Inheritance. Most cases of Dandy-Walker malformation are sporadic, which means they occur in people with no history of the disorder in their family. A small percentage of cases seem to run in families; however, Dandy-Walker malformation does not have a clear pattern of inheritance.

Is Dandy-Walker syndrome a birth defect?

The Dandy-Walker malformation is a congenital (present at birth) defect affecting the cerebellum, the back part of the brain that controls movement, behavior and cognitive ability.

Is Dandy-Walker a disability?

Dandy-Walker malformation with intellectual disability, basal ganglia disease and seizures is a genetic disease, which means that it is caused by one or more genes not working correctly.

Is Dandy-Walker more common in males or females?

The incidence of Dandy-Walker malformation is 1 case per 25,000-35,000 live births, Dandy-Walker malformation accounts for approximately 1-4% of hydrocephalus cases. The sex incidence of those who have Dandy Walker syndrome is approximately 40% female to 60% male (NORD, 2003).

Can a baby survive with Dandy Walker syndrome?

Babies with the Dandy-Walker Variant may have less fluid build-up inside their brain. As a result, they will have less damage to structures in the cerebellum. Babies with this type of DWS are less likely to need surgery to remove extra fluid from their brains.
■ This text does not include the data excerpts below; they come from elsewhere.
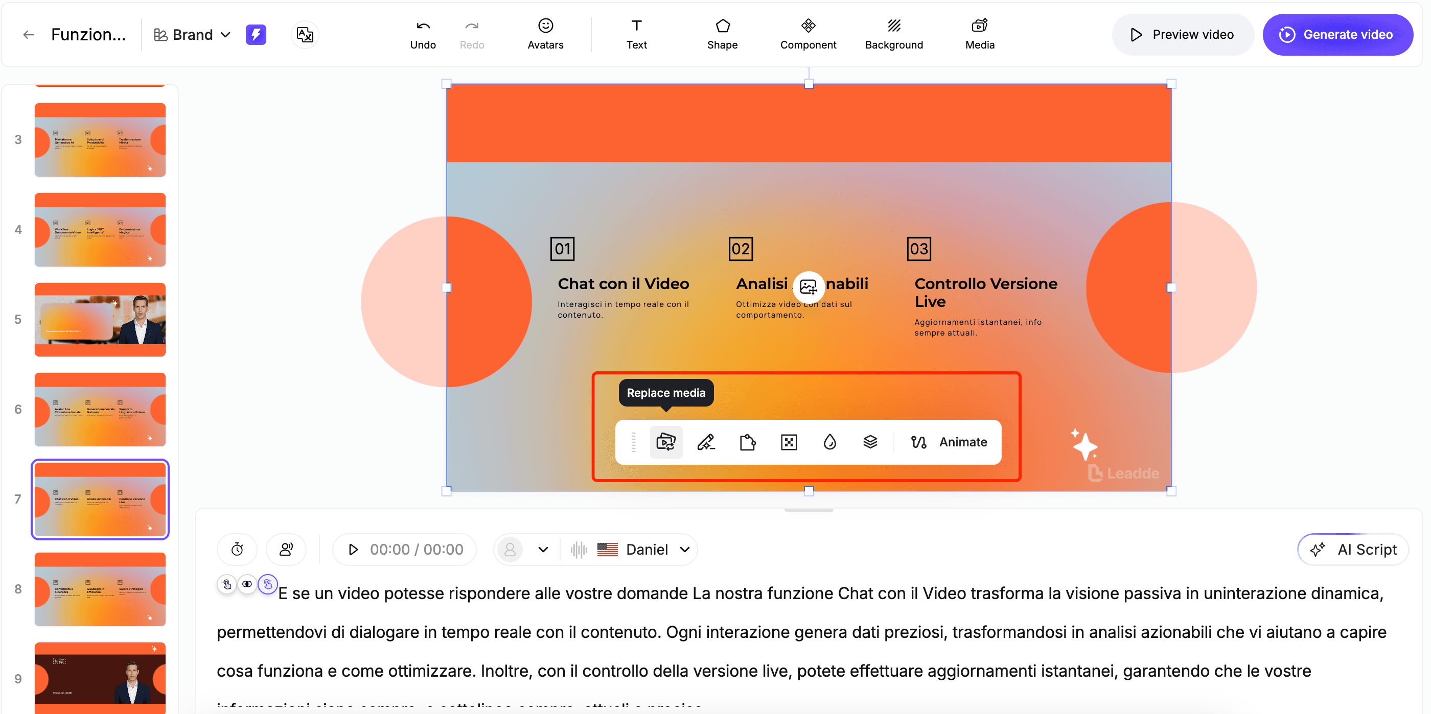 Many creators make the mistake of embedding text directly into the original video footage. This "baked-in" text is impossible to translate without performing a complete visual redesign. Leadde uses editable scene-level scripts to keep your text separate and easily manageable.
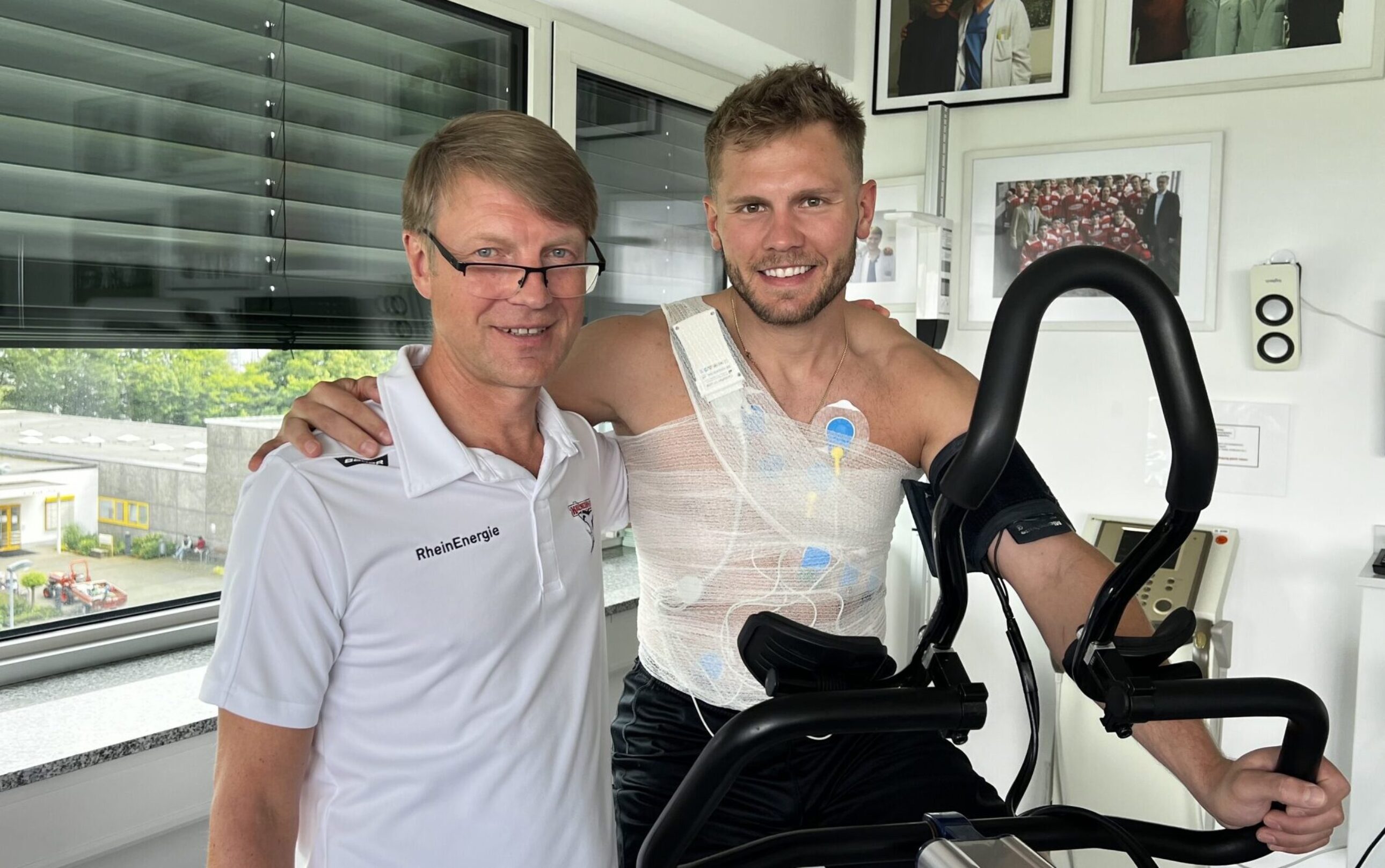 Während der Vorbereitung auf eine Eishockey-Saison stehen für unsere Profis einige Termine an. Neben dem „klassischen“ Kraft- und Eistraining gibt es auch ab und an wichtige gesundheitliche Untersuchungen. So besuchten unsere Jungs in den vergangenen Tagen die Kardiologie-Station im Krankenhaus Porz am Rhein. Dort wurden sie von unseren Mannschaftsärzten Prof. Dr. Marc Horlitz und Dr. Eduard Gorr einem Cardio-Check unterzogen.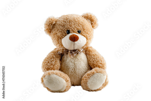 Obraz premium A teddy bear is sitting on a white background. The bear is brown and has a...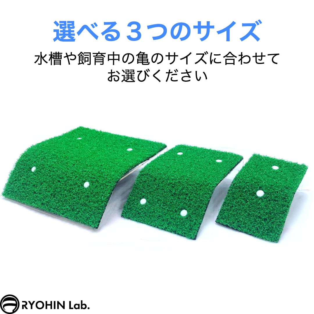 【亀が喜ぶ日向ぼっこ台】水が好きだけど陸地も大好きな亀たちに休憩の場所と日なたぼっこの場所を準備してあげられる便利なアイテムです。気持ち良く甲羅干をさせてあげられることができます。【高品質な人工芝を採用】日なたぼっこ台の表面に綺麗でナチュラルな人工芝が備わっています。亀の水槽をよりナチュラルに彩ってくれてとてもオシャレです。足がかりが良いため亀にとっても滑りにくく、登りやすいスロープ仕様です。※初めは芝が落ちやすい場合がありますので、余分な芝をよく払ってからのご使用をおすすめします。【吸盤による安定した固定】二つの吸盤で水槽にしっかり固定することができます。水槽の中で亀が動いても外れにくく、取り付けも簡単です。安定した台の上でゆったりくつろぐ亀の様子を観察できるので、亀の飼育がもっと楽しくなります。【商品内容】サイズ:[小サイズ][中サイズ][大サイズ]各サイズの寸法は画像をご覧下さい。素材:プラスチック、人工芝 個数:1個 ※モニターの環境により、色の見え方に若干差が生じる場合があります。

However, many may still need surgery.

Can you live a normal life with Dandy Walker syndrome?

There are no two people in the world with Dandy-Walker that experience the same symptoms. Some people live their entire lives never knowing they have it. Babies die from unknown causes because they were born seemingly healthy at full term with never a suspicion that something was wrong.

Can a baby survive with Dandy-Walker syndrome?

Can Dandy-Walker syndrome be detected before birth?

Dandy-Walker malformation (DWM) is easily seen with obstetrical ultrasound and is usually diagnosed by 20 weeks’ gestation, but has been seen even earlier. The findings on ultrasound consist of a cyst in the cerebellum. There may or may not be other birth defects in the brain or in other organ systems.

How common is Dandy-Walker malformation?

The frequency of Dandy Walker malformation in the US is approximately 1 per 25,000 -35,000 live births and affects more females than males.

Can Dandy Walker syndrome be detected before birth?

Is Dandy-Walker progressive?

The syndrome can appear dramatically or develop unnoticed. Symptoms, which often occur in early infancy, include slow motor development and progressive enlargement of the skull.

How common is Dandy-Walker?

How common is Dandy Walker malformation in babies?

Dandy Walker Malformation occurs in one out of 25,000 babies, affecting girls more often than boys. How do you know if your child has Dandy Walker Malformation? Dandy Walker Malformation is usually discovered by ultrasound before the baby is born. If not diagnosed before birth, then it is usually diagnosed within the first year of life.

What causes Dandy Walker malformation?

In most cases, the cause of Dandy Walker Malformation is unknown. A few cases have resulted from autosomal recessive genes, meaning both parents carried the gene. Dandy Walker cysts form during early embryonic development when the brain forms.

How does Dandy-Walker malformation affect brain development?

Dandy-Walker malformation affects brain development, primarily development of the cerebellum, which is the part of the brain that coordinates movement. In individuals with this condition, various parts of the cerebellum develop abnormally, resulting in malformations that can be observed with medical imaging.

How is Dandy-Walker malformation (D&W) diagnosed?

Dandy Walker malformation is diagnosed with the use of ultrasound, CT and MRI. Prenatal diagnosis of Dandy-Walker malformation is sometimes made by ultrasound or fetal MRI.